A few semi-random tid-bits: The rumor is that the Japanese delegation will bring Climate Change as a primary theme to the next G8 meeting in Tokyo in July, so GEO and POGO are planning appropriate advocacy activities related to this. An interesting theme that pervaded the meeting was the need to work more closely with the economics community to be able to better quantify societal risks and benefits... and Elke Weber's work on decision-making was widely quoted. It was good to see Jim Baker (ex-Head of NOAA) again after so many years - he has recently taken on a new role working with the Clinton Foundation on the use of remote sensing approaches to the monitoring of forestry related to carbon sequestration. Jim talked about the need for a 'Stern Report for the Oceans'. Concerns about data exchange, data openness, and of course interoperability. I was unpleasantly surprised by the apparent acceptance of the inevitability of ocean fertilization as one of the approaches to carbon sequestration (although pleased that SCOR is about to release a formal statement on this issue in the 3-4 weeks time frame).
I was also unpleasantly surprised to discover that the Swizzle Inn has taken meat pies off its menu, and the White Horse is yuppified beyond recognition, and worst of all, the Pub on the Square in St. Georges is no more...

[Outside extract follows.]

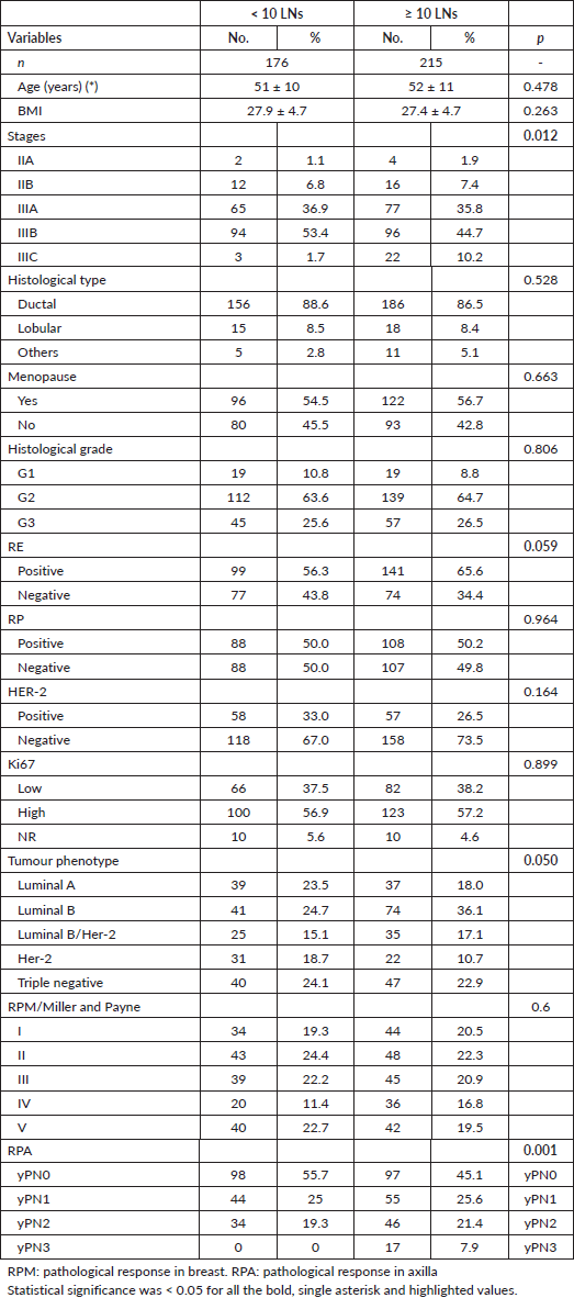 Thirty-nine hundred and ninety-one patients met the inclusion criteria. The mean age at disease diagnosis was 51 years ± 11 (ranging from 25 to 87 years), 176 patients in the <10 LN group and 215 ≥ 10 dissected nodes. The average number of dissected LGs was 6.32 and 13.8 in the groups and the proportion of positive LGs 0.23 and 0.20< or ≥ 10 LGs, respectively. The rate of PCR 19.3%, PCR in the breast (CPRR) 22.7% and axillary pathological response (APR) 55.7% when <10 LN were retrieved, when dissected or retrieved ≥10 LN the found rates of PCR, CPRR and APR reported 16.3%, 19.5% and 45.1%, respectively.
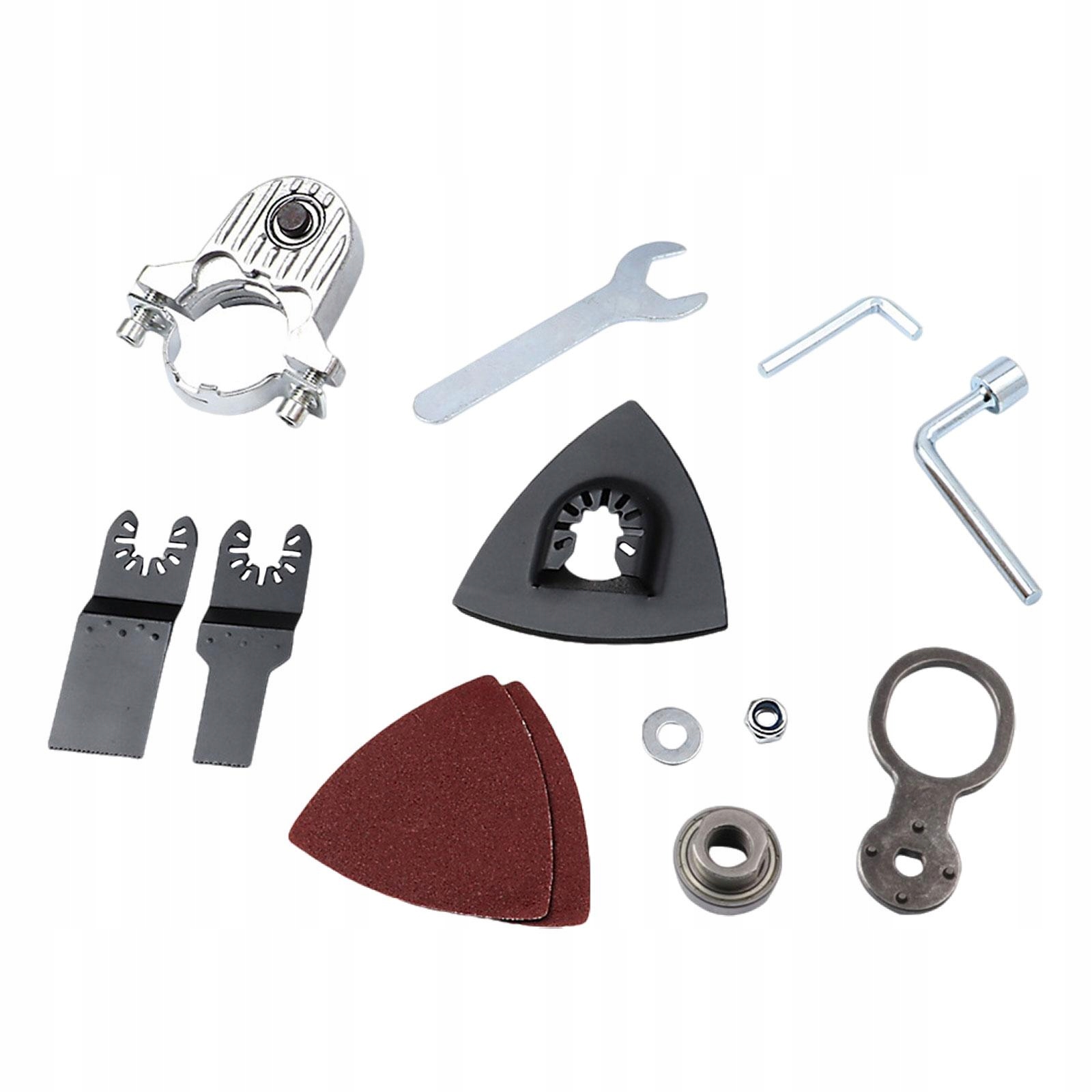[Комплексный пакет включает]: 1 треугольный шлифовальный диск (90 мм/3,54 дюйма), 2 треугольные шлифовальные бумаги (90 мм/3,54 дюйма), 2 прямых пильных полотна (20 мм/0,79 дюйма, 34 мм/ 1,34 дюйма), 1 преобразующая головка (88x86x45 мм/3,46 дюйма) x3,39x1,77 дюйма), 2 винтовых уплотнения, 1 эксцентриковый вал, 1 фиксированная пластина, 2 головки для ключей и 1 шестигранный ключ.

Speaking of food and drink, and bringing things much closer to home: for sometime we have been looking into establishing a new contract for operation of our cafeteria. In recent years, it has simply been costing us too much money - we can no longer afford to sustain it. So, we have negotiated a new management contract with a new vendor: Unique Food Management of Cresskill, NJ, a private firm that operates a number of corporate cafeteria's of similar size throughout New Jersey. They will take over our cafeteria operations on Monday, January 28th. An old friend, Dawn, who worked in our cafeteria when Lamont ran the service with our own employees, will be returning. We are looking forward to this opportunity to improve the quality of the services we provide. I hope you will stop in and give the new management a warm welcome. On-campus catering is important to generate enough business to sustain our cafeteria operations, so please keep the cafeteria in mind when hosting your next event.
I will be home this weekend, and back in the office on Monday. It has been sunny and 70 degrees in Bermuda. Not sure that I am ready for New York weather again.